**SOURCE MATERIAL:**

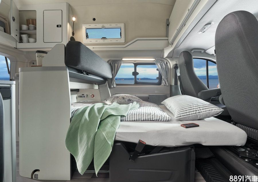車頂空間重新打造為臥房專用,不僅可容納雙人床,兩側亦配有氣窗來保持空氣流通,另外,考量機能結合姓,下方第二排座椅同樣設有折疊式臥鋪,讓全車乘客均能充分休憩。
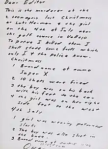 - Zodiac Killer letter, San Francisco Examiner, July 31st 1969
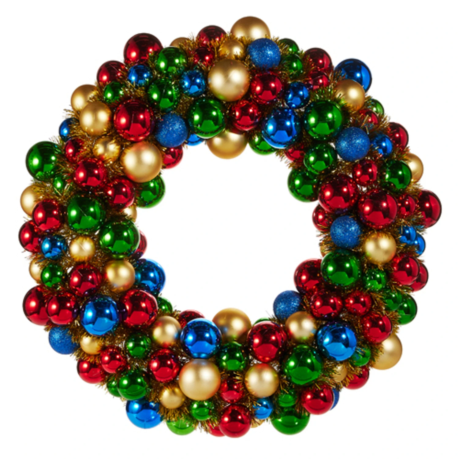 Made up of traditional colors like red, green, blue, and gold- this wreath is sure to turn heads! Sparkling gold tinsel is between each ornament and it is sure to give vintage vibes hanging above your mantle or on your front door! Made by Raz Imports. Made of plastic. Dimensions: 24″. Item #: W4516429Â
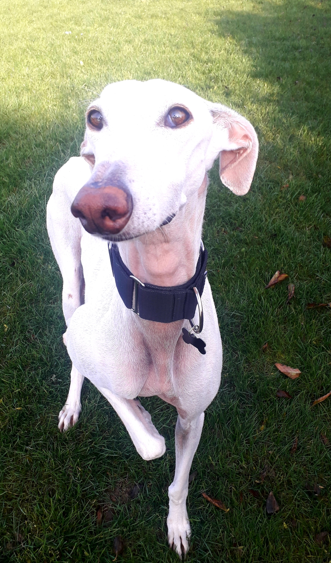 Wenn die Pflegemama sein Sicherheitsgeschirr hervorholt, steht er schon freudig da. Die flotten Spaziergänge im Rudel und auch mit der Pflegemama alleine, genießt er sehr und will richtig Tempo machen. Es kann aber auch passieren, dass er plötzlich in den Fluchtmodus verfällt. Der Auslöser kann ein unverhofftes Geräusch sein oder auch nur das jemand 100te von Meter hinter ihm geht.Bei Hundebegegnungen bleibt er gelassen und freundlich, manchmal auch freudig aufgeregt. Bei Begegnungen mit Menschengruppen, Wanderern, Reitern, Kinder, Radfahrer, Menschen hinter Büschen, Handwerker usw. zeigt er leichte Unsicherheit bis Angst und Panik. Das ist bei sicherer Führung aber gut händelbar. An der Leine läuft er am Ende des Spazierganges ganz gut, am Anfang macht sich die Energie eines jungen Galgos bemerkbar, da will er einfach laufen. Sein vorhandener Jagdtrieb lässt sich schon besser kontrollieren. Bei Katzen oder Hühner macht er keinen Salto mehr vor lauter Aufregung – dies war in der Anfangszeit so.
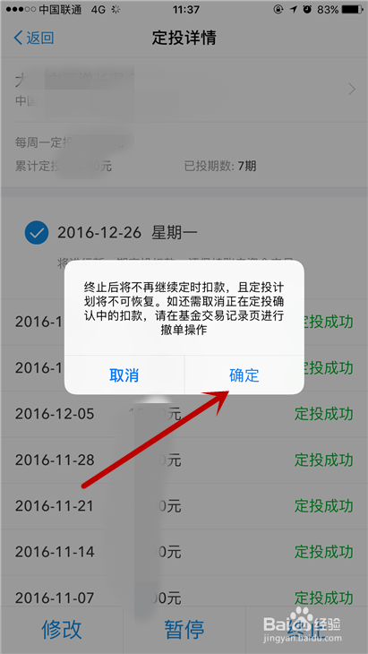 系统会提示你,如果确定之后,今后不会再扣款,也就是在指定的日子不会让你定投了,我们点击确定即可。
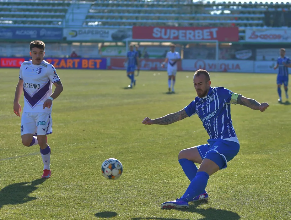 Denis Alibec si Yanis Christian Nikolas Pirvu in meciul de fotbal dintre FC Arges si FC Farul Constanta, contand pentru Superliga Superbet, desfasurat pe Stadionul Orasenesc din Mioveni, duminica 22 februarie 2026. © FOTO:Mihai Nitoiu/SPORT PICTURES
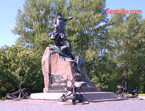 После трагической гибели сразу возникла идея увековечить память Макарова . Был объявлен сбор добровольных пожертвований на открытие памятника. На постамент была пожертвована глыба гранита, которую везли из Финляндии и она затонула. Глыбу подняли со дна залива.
==
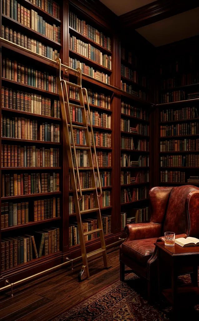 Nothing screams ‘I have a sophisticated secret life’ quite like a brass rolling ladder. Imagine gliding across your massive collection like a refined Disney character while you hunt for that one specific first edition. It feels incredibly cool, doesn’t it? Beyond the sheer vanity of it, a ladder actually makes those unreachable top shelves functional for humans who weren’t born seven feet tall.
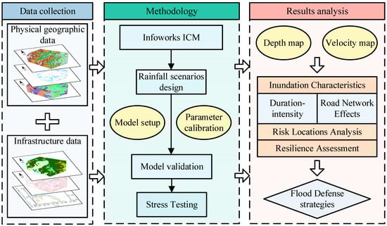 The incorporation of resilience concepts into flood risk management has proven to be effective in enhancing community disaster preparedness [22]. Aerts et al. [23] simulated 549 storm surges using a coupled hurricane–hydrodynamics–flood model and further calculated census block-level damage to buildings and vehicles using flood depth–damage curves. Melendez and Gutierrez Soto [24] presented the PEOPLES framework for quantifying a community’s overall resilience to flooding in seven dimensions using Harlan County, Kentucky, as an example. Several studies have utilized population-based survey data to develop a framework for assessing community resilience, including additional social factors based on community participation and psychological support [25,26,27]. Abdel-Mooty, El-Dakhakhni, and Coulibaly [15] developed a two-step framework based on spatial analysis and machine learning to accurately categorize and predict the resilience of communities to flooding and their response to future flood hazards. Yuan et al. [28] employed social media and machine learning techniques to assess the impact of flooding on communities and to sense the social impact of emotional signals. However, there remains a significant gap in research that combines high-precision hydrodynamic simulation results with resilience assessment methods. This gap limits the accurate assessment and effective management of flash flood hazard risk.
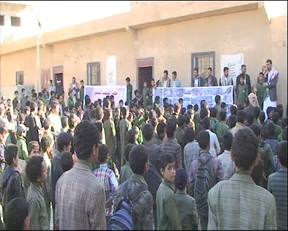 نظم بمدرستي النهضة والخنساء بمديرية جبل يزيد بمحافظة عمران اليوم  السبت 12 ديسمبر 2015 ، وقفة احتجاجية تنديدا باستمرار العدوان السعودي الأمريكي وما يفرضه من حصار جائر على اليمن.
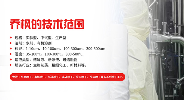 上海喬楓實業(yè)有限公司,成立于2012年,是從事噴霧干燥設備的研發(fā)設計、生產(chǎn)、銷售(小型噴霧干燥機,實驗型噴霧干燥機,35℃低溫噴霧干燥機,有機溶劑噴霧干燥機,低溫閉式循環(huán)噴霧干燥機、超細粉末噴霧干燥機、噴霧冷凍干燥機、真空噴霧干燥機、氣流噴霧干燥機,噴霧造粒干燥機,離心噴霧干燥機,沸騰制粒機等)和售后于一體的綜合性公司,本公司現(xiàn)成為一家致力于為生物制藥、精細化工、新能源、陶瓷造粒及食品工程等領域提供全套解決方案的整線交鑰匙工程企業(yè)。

**TASK TO CARRY OUT:**
Everything above from the line that has "車頂空間重新打造為臥房專用,不僅可容納雙" down to the line that has "После трагической гибели" should be output exactly, with both of those lines included. Leave the pictures behind.

**WRITTEN ANSWER:**
車頂空間重新打造為臥房專用,不僅可容納雙人床,兩側亦配有氣窗來保持空氣流通,另外,考量機能結合姓,下方第二排座椅同樣設有折疊式臥鋪,讓全車乘客均能充分休憩。
 - Zodiac Killer letter, San Francisco Examiner, July 31st 1969
 Made up of traditional colors like red, green, blue, and gold- this wreath is sure to turn heads! Sparkling gold tinsel is between each ornament and it is sure to give vintage vibes hanging above your mantle or on your front door! Made by Raz Imports. Made of plastic. Dimensions: 24″. Item #: W4516429Â
 Wenn die Pflegemama sein Sicherheitsgeschirr hervorholt, steht er schon freudig da. Die flotten Spaziergänge im Rudel und auch mit der Pflegemama alleine, genießt er sehr und will richtig Tempo machen. Es kann aber auch passieren, dass er plötzlich in den Fluchtmodus verfällt. Der Auslöser kann ein unverhofftes Geräusch sein oder auch nur das jemand 100te von Meter hinter ihm geht.Bei Hundebegegnungen bleibt er gelassen und freundlich, manchmal auch freudig aufgeregt. Bei Begegnungen mit Menschengruppen, Wanderern, Reitern, Kinder, Radfahrer, Menschen hinter Büschen, Handwerker usw. zeigt er leichte Unsicherheit bis Angst und Panik. Das ist bei sicherer Führung aber gut händelbar. An der Leine läuft er am Ende des Spazierganges ganz gut, am Anfang macht sich die Energie eines jungen Galgos bemerkbar, da will er einfach laufen. Sein vorhandener Jagdtrieb lässt sich schon besser kontrollieren. Bei Katzen oder Hühner macht er keinen Salto mehr vor lauter Aufregung – dies war in der Anfangszeit so.
 系统会提示你,如果确定之后,今后不会再扣款,也就是在指定的日子不会让你定投了,我们点击确定即可。
 Denis Alibec si Yanis Christian Nikolas Pirvu in meciul de fotbal dintre FC Arges si FC Farul Constanta, contand pentru Superliga Superbet, desfasurat pe Stadionul Orasenesc din Mioveni, duminica 22 februarie 2026. © FOTO:Mihai Nitoiu/SPORT PICTURES
 После трагической гибели сразу возникла идея увековечить память Макарова . Был объявлен сбор добровольных пожертвований на открытие памятника. На постамент была пожертвована глыба гранита, которую везли из Финляндии и она затонула. Глыбу подняли со дна залива.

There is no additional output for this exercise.